Settlement reached in controversial Arizona donor case
SACRAMENTO -- California campaign finance officials have reached a settlement in the high-profile investigation into an $11-million donation from an obscure Arizona nonprofit, according to a source familiar with the case.
The settlement involves the nonprofit, Americans for Responsible Leadership, and the Center to Protect Patient Rights, another Arizona organization involved in the donation.
The source was not authorized to discuss the case before a Thursday announcement and requested anonymity.
A press conference is scheduled for noon with Fair Political Practices Commission Chair Ann Ravel, who is leaving her current position this week to join the Federal Election Commission in Washington.
The controversial $11-million donation was provided in October 2012 to fight Gov. Jerry Brown’s tax-hike plan and support a separate ballot measure to weaken unions’ political power. California officials sought to unmask the donors behind the contribution, calling it “campaign money laundering.”
After a heated court battle in the waning days of last year’s campaign, Americans for Responsible Leadership said it received the money from two other nonprofits -- the Center to Protect Patient Rights and the Virginia-based Americans for Job Security. But both of those organizations also keep their donors secret, and state officials vowed to continue investigating.

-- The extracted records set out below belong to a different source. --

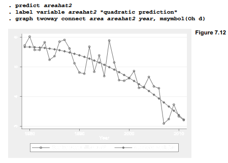 For illustration, we return to the trend in Arctic sea ice (Arctic9.dta). Residual analysis in the previous section suggests that a linear model, Figure 7.9, is not appropriate for these data. One simple alternative termed quadratic regression involves regressing the dependent variable on both year and year squared. We could start by generating a new variable equal to year squared:
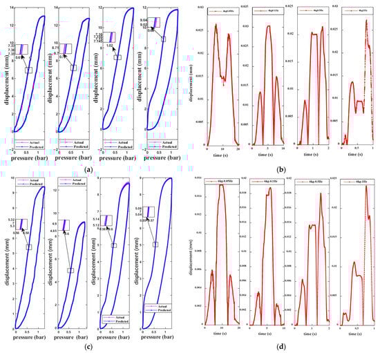 As the table indicates, the error magnitude is also in the order of 10−6 m, meaning the predicted output displacement of the model aligns very closely with the experimental data. Especially under lower frequency and lighter load conditions, the error is even smaller, further validating the accuracy of the model. This result not only proves the precision of the FN–QUPI model within the normal operating range of pneumatic artificial muscles (PAM) but also highlights the model’s effectiveness in dynamic system modeling. The FN–QUPI model is able to precisely capture the nonlinear dynamics of the PAM system, particularly under low-frequency and low-load conditions, where its high prediction accuracy showcases the model’s deep understanding and control of complex dynamic processes. Although the error increases under conditions of high load and high frequency, the FN–QUPI model still tracks the actual displacement changes of the PAM well, demonstrating its powerful ability to handle nonlinearities. This result further validates the advantages of the FN–QUPI model in managing complex nonlinear systems, indicating its wide application prospects and practical value, especially in scenarios requiring high-precision modeling and real-time control.
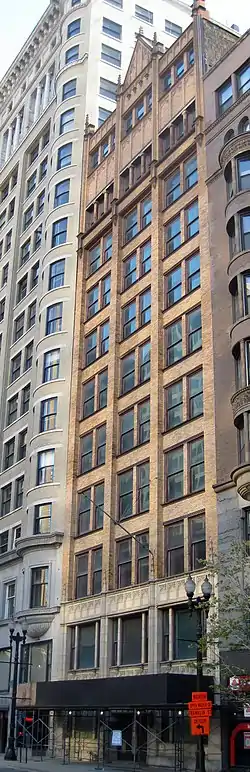 South Loop Printing House District is a historic district in the downtown Chicago Loop area of Chicago, Illinois. The district is roughly bounded by Congress, Polk, State, Taylor, and Wells Streets and includes 28 contributing buildings.[2] The district includes many of the printing buildings used by Chicago's printing industry, the largest in the midwest from the 1880s through the 1930s. Due to its proximity to Dearborn Station and its thin property blocks that allowed for tall and thin printing buildings, land in the district was attractive to large printing companies. The district includes a small number of large and detailed buildings and many more small, homogeneous buildings used by less prominent printing firms.[3]
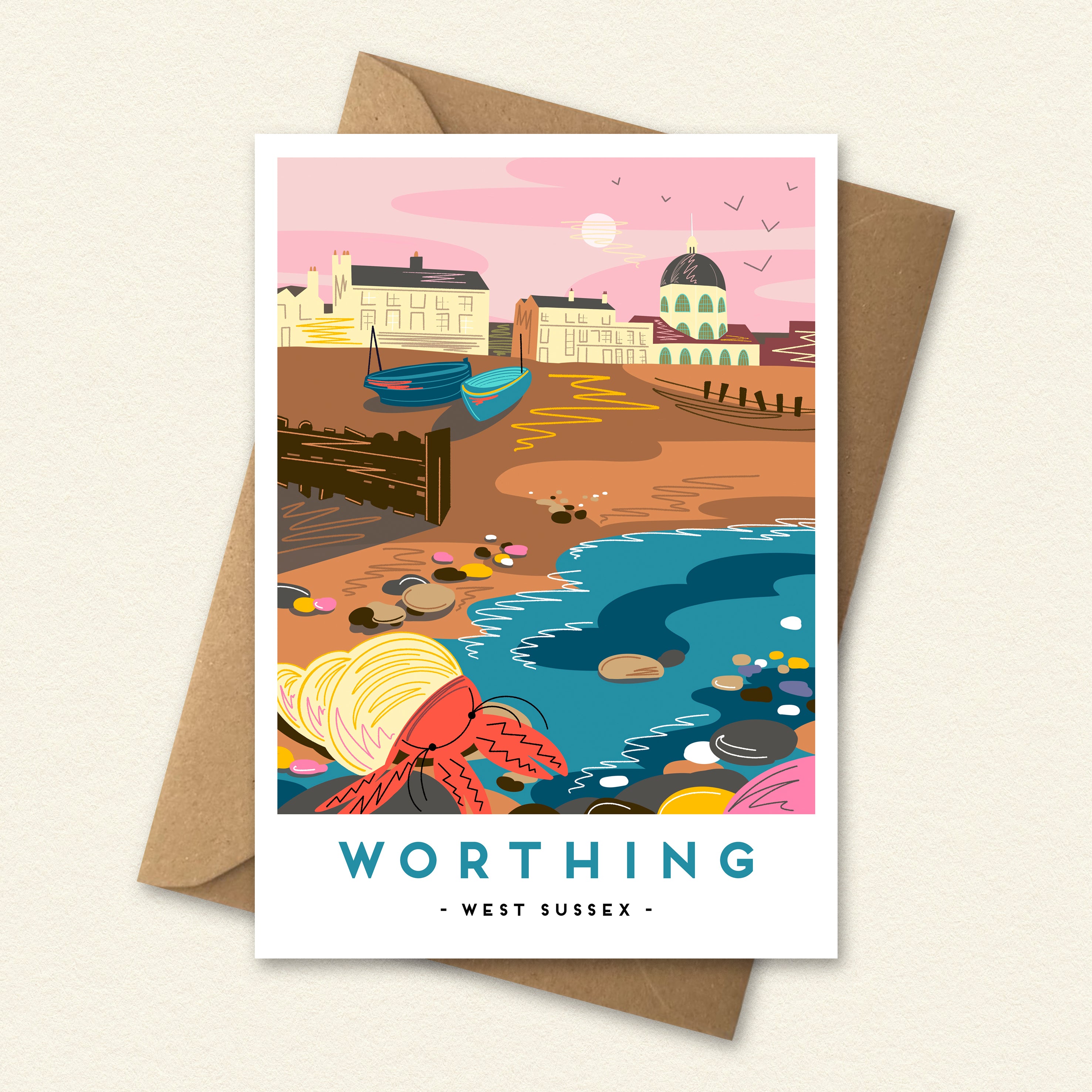 The Worthing greeting card features an illustration from the Landmark collection, a series inspired by well-loved local places and the character of familiar landscapes. First developed during a period of quiet reflection, these designs have become favourites within the local community.
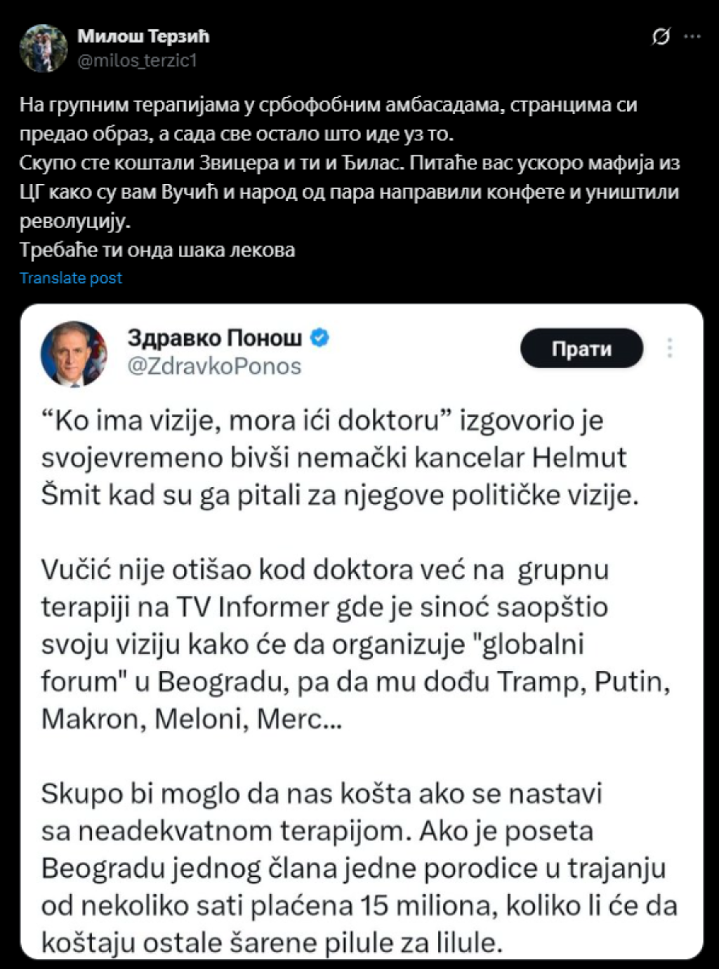 - Na grupnim terapijama u srbofobnim ambasadama, strancima si predao obraz, a sada sve ostalo što ide uz to. Skupo ste koštali Zvicera i ti i Đilas. Pitaće vas uskoro mafija iz CG kako su vam Vučić i narod od para napravili konfete i uništili revoluciju. Trebaće ti onda šaka lekova - istakao je Miloš Terzić.
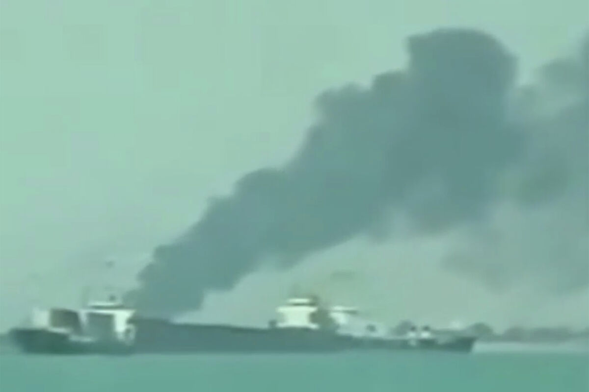 СМИ показали кадры сильного задымления над судном в порту Ирана
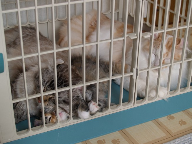 というわけで、朝から猫部屋もいつものお掃除に加え、拭き掃除も追加です。

Although such nonprofits do not need to disclose their contributors under federal law, a California regulation says they cannot conceal a donor’s identity if the contribution was intended for a state campaign.
A spokesman for Americans for Responsible Leadership declined to comment on Wednesday afternoon.
The Center to Protect Patient Rights is known as a clearinghouse for conservative political donations nationwide. The secretive organization has been tied to Charles and David Koch, billionaire energy executives and Republican donors.
The Small Business Action Committee, the political organization in California that received the $11-million donation to use in last year’s campaigns, may also face punishment under state law. The Fair Political Practices Commission can order committees that receive “laundered” funds to pay an equivalent amount of money into the state general fund.